Хуторяне — народ приветливый. Стоило начать мне расспросы, как сразу вызвались добровольцы показать и дом, где жил цыган — прототип Будулая, чью печальную судьбу изобразил Анатолий Калинин в романе «Цыган», и хату, где совсем недавно умерла разбитая параличом «волчица» из рассказа «Эхо войны», и могилу советских разведчиков, которых выдала «волчица», ну и, конечно, дом Калинина — старый, обшитый темно-серыми досками, с высокими подпорками, с мезонином, где у писателя «святая святых» — рабочий кабинет. И вид на Дон открывается такой же неоглядный, как в Вешках…

Я не задумывался прежде, сколь благодатно такое повседневное общение с жизнью, с народом, что установилось у многих писателей Дона: Шолохов живет в Вешенской, Закруткин — в Кочетовской, Калинин — в Пухляковском, Изюмский — в Волгодонске, Скрипов — в Азове, Колесников — в Сальске, Авилов — в степном совхозе на реке Чир…

Калинин — хлебосольный хозяин, но не в одном гостеприимстве дело. Он еще и радушный собеседник, очень любознателен, ищет новые знакомства. У него взрослая дочь, такая же неугомонная, как и отец, — Наташа. Я видел ее мельком, но как-то сразу почувствовал: это о ней, о ее судьбе и, конечно, о судьбе всех взрослых дочерей думал писатель-отец, когда работал над романом «Гремите, колокола!». Пишется ему трудно, и, бывает, долгие месяцы вылеживаются в ящике письменного стола рукописи новых книг, прежде чем узнает о них читатель. Пишется ему трудно еще и потому, что не бывает такого дня, когда не приходилось бы отрываться от письменного стола ради неотложных депутатских дел. Зато все, что создано им: «Красное знамя», «Лунные ночи», «Суровое поле», «Запретная зона», «Цыган», «Вешенское лето», «Гремите, колокола!», «Эхо войны» и превосходные стихи, о которых читатель почти не знает, — написано рукой большого мастера. Он не любит выдавать «авансов» (как иные литераторы), всегда недоволен собой и хочет написать книгу, которую вынашивает всю жизнь. «Святую книгу» — как он говорит. Когда Михаил Александрович Шолохов закончил рукопись романа «Они сражались за Родину» (еще неизвестную никому из нас), то послал Калинину телеграмму в Пухляковский: «Приезжай». Значит, не просто любит, верит, захотелось почитать Калинину новые главы, посоветоваться, как мудрый учитель с талантливым учеником.

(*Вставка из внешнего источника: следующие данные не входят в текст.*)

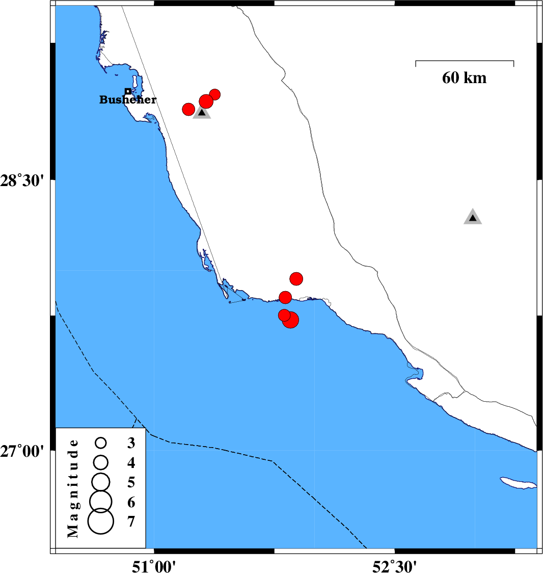 2023/09/07 | 14:16:30.5 | 17:46:30.5 | 27.953 | 51.886 | 12 | ML:3.7 | Bushehr Province, 22 km North-West of Bandar-e kangan | ||

…У крутого спуска к Дону я еще раз оглядываюсь на старый курень с мезонином, на взбирающийся уступами зеленый хутор. Глухо рокочет внизу катер «ачуровцев»[9], он довезет меня до Мелиховской. Тут километров шесть, не больше. На нижнем Дону едва минуешь один хутор — уже другой начинается, случается, что куреня разбросаны один от другого на два-три, а то и больше километров; простора много, хоть по нынешним временам и неудобно.

Мелиховская станица ничего общего с Гришкой Мелеховым не имеет, она намного старше «Тихого Дона». Правда, многие поэты, особенно из молодых, любят обыгрывать название станицы, непременно вытаскивая на здешнее крутоярье Гришку с Аксиньей. А берега-то здесь не такие, как в Вешках, и песков нет — тучный чернозем с виноградными лозами, с домами из камня-ракушечника (Донецкий кряж рядом).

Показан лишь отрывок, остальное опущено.